- Country: Namibia
- Location: Rosh Pinah, ǁKaras Region
- Coordinates: 26°40′23″S 15°05′16″E﻿ / ﻿26.67306°S 15.08778°E
- Status: Proposed
- Construction began: H2 2024 Expected
- Commission date: Q2 2026 Expected
- Construction cost: US$78.33 million
- Owner: Namibia Power Corporation Limited
- Operator: NamPower

Solar farm
- Type: Flat-panel PV

Power generation
- Nameplate capacity: 100 MW

= NamPower Solar Power Station =

Solar farm in Namibia

Distinguish from the 5 Megawatts Rosh Pinah Solar Power Plant majority owned by Old Mutual Namibia.

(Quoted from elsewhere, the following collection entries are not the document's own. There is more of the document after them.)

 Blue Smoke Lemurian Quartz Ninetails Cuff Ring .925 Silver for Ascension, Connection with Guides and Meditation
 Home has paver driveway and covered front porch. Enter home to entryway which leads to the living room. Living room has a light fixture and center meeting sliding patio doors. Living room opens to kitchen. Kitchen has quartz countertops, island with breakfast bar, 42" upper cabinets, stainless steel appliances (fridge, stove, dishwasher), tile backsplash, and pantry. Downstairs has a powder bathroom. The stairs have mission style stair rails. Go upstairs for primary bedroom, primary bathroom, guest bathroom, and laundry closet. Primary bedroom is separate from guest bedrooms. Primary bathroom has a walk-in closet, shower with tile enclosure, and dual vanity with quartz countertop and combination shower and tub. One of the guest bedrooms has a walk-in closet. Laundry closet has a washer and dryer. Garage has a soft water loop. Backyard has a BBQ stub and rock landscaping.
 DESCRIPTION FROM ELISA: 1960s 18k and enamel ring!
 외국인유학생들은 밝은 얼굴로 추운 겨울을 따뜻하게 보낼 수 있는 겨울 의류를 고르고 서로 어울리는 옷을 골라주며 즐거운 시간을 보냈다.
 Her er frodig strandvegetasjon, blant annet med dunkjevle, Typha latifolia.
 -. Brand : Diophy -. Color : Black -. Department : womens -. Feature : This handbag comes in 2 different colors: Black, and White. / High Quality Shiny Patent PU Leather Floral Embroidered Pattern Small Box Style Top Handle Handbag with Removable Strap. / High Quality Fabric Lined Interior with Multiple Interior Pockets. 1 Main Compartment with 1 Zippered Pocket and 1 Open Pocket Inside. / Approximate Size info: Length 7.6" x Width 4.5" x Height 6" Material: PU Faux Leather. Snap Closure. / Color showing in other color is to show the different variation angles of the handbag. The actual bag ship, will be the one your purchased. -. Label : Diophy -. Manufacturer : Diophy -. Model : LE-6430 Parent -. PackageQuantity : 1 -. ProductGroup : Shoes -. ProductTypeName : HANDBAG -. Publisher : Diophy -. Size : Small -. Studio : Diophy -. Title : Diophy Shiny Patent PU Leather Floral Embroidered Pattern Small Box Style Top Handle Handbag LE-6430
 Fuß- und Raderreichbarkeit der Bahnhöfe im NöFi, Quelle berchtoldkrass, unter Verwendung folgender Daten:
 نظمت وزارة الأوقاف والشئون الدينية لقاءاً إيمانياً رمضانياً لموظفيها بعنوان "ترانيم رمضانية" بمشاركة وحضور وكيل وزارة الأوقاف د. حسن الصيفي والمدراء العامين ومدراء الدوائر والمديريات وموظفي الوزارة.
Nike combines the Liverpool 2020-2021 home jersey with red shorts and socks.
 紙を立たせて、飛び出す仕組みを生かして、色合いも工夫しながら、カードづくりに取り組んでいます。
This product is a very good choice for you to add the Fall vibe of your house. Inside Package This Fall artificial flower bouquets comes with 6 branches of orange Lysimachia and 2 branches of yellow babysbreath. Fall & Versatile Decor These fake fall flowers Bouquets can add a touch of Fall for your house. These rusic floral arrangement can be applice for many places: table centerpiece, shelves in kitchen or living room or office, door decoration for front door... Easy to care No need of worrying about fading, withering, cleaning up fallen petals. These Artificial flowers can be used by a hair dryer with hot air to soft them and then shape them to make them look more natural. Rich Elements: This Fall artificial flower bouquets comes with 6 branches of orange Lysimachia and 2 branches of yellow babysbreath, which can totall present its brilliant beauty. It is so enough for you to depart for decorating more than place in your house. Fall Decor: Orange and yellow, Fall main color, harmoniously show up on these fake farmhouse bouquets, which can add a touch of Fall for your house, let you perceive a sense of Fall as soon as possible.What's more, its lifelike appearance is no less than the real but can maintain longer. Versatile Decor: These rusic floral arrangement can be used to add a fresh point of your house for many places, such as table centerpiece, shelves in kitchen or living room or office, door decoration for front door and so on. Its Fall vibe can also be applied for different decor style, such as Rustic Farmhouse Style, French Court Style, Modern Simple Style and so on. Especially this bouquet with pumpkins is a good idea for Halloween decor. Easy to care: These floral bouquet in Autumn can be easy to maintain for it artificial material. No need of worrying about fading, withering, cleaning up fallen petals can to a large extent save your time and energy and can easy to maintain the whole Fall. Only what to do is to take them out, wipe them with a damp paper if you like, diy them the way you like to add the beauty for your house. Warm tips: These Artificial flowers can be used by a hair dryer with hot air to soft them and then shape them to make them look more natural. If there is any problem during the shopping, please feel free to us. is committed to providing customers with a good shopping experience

NamPower Solar Power Station (NSPS), also referred to as NamPower Rosh Pinah Solar Power Station, is a planned 100 megawatts solar power station in Namibia. The power station is under development by Namibia Power Corporation Limited (NamPower), the Namibian state-owned electric utility company.
When completed, this renewable energy infrastructure project is expected to become the largest grid-ready, solar power plant in the country.

==Location==
The solar farm is located on an area measuring 250 acre, outside the town of Rosh Pinah, ǁKaras Region in southern Namibia, close to the border with South Africa. The town of Rosh Pinah is located approximately 724 km, southwest of Windhoek, the capital and largest city of Namibia.

==Overview==
The power station has a planned capacity of 100 megawatts. NamPower intends to integrate the electricity generated here, into the national electricity grid.

==Background==
In 2020, this renewable energy infrastructure project was conceived as the 40 MW Rosh Pinah Wind Power Station. In 2023, the project transformed into the 70 MW Rosh Pinah Solar Power Station, following feasibility studies which revealed that the location did not host sufficient wind current to support a commercially viable wind farm. The generation capacity of the solar farm was increased from 70 MW to 100 MW when NamPower decided to invest 20 percent in the public–private partnership (PPP) project.

==Construction==
The engineering, procurement and construction (EPC) company is a joint venture (JV) comprising China Jiangxi International Economic and Technical Cooperation Company Limited and China New Energy Development (Zhejiang) Company Limited. The contract price is NAD1.4 billion (approx. US$78.33 million). Of this, 80 percent will be provided as a loan to NamPower by the German Development Bank (KfW), while the remaining 20 percent will be raised by NamPower from internal sources. Construction is expected to begin during H2 2024, with commercial commissioning expected in Q2 of 2026. The table below illustrates the sources of funding for the construction of NamPower Solar Power Station.

Sources of Funding For Construction of NamPower Solar Power Station
| Rank | Fund Source | Domicile | Contribution in US$ | Percentage | Notes |
|---|---|---|---|---|---|
| 1 | KfW | Germany | 62.67 million | 80.0 | Loan |
| 2 | NamPower | Namibia | 15.67 million | 20.0 | Equity |
|  | Total |  | 78.33 million | 100.00 |  |

==Other considerations==
As of 2024, Namibia's generation Capacity was about 500 MW. In order to meet its power needs, the country has contracts to buy extra power from South Africa (100 MW), Zambia (180 MW) and Zimbabwe (80 MW). This power station is intended to diversify the country's electricity generation mix and to reduce its dependence on imported electricity.